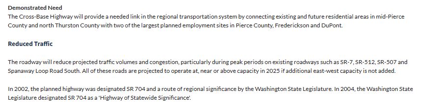 This project would essentially put a ground lock on transportation alternatives in the Spanaway community. Spanaway Loop Road is over capacity and the Cross Base was part of fixing that. North Tacoma and Seattle environmentalists don’t understand the transportation problems already created here. From SR512, it’s another 17.5 miles to a west road access point. That is Yelm. When the I-5 freeway is blocked, Yelm, McKenna, Roy and Spanaway suffer miserably from traffic overload.
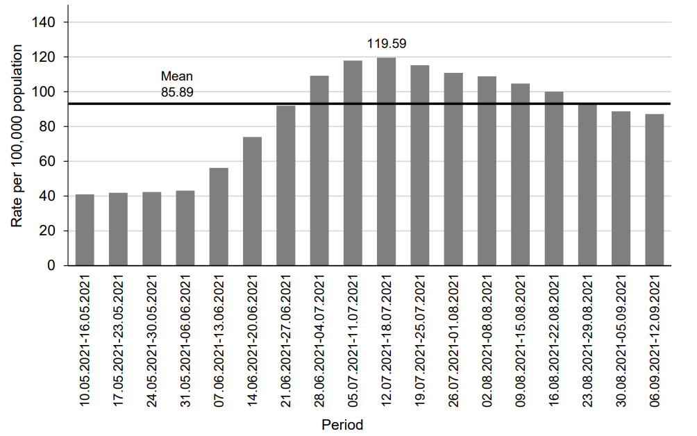 Fig. 5. Dynamics of COVID-19 incidence in the Russian Federation during the third period from May 10, 2021 to September 12, 2021.
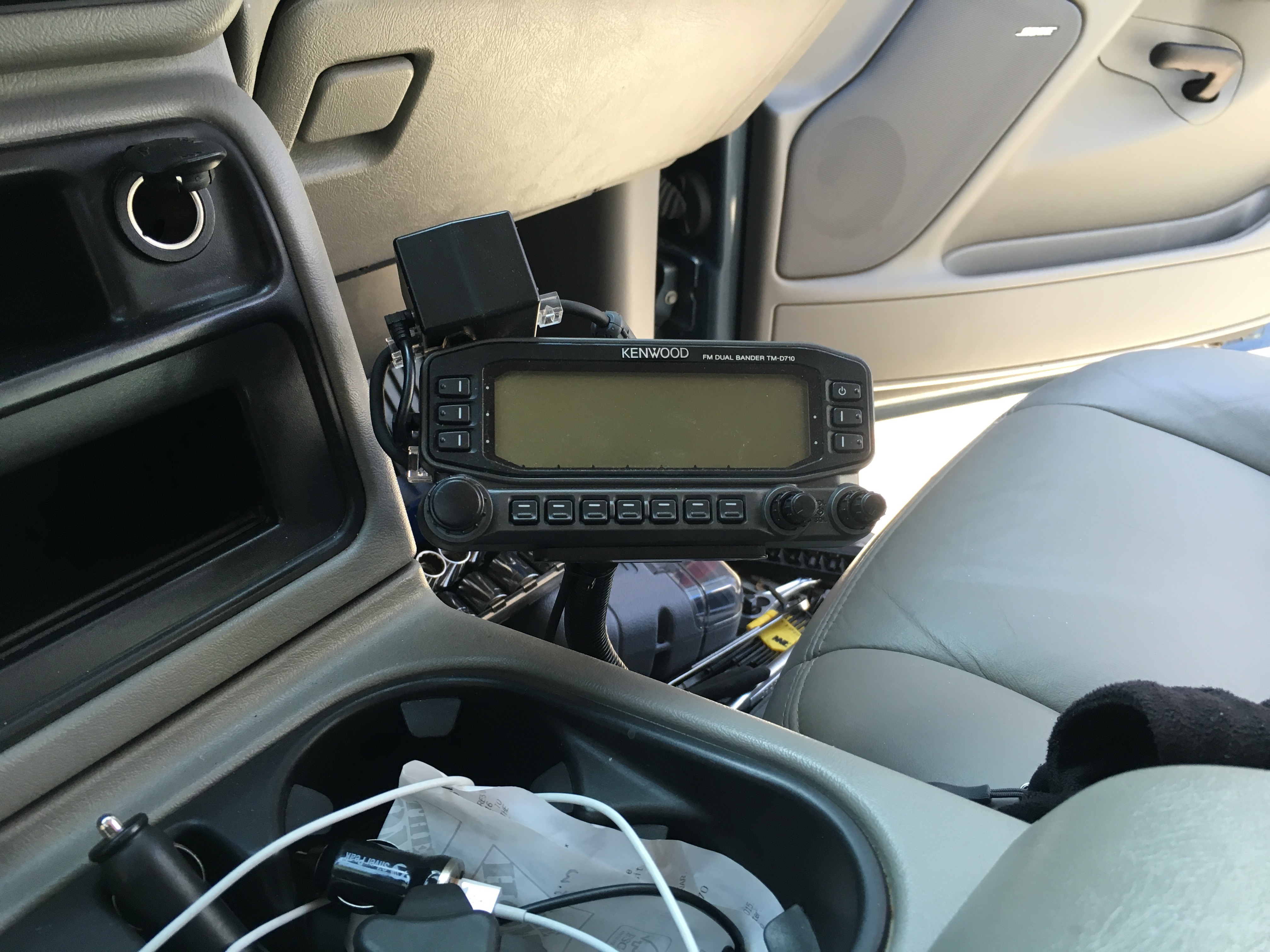 I reused almost everything from the 4runner install including the mounting bracket. It works pretty well and doesn't bounce around too much. Best of all, no cutting anything. With the antenna mounted on the rear door and the radio itself up on the shelf under the rear seat I had enough cable I could remove the extension piece I had made up for the 4runner so there is actually less cable strung around.
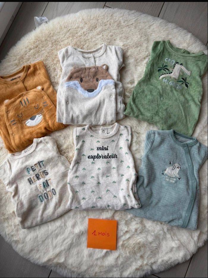 Lots pyjamas velours 5 Gémo 1 Kiabi Taille 1 mois Très bon état

--

▸ **THE TASK**: Would you restate word for word each line from the one that holds "I reused almost" to the end of the material, both ends included, without the pictures?

▸ **TASK ANSWER**:
 I reused almost everything from the 4runner install including the mounting bracket. It works pretty well and doesn't bounce around too much. Best of all, no cutting anything. With the antenna mounted on the rear door and the radio itself up on the shelf under the rear seat I had enough cable I could remove the extension piece I had made up for the 4runner so there is actually less cable strung around.
 Lots pyjamas velours 5 Gémo 1 Kiabi Taille 1 mois Très bon état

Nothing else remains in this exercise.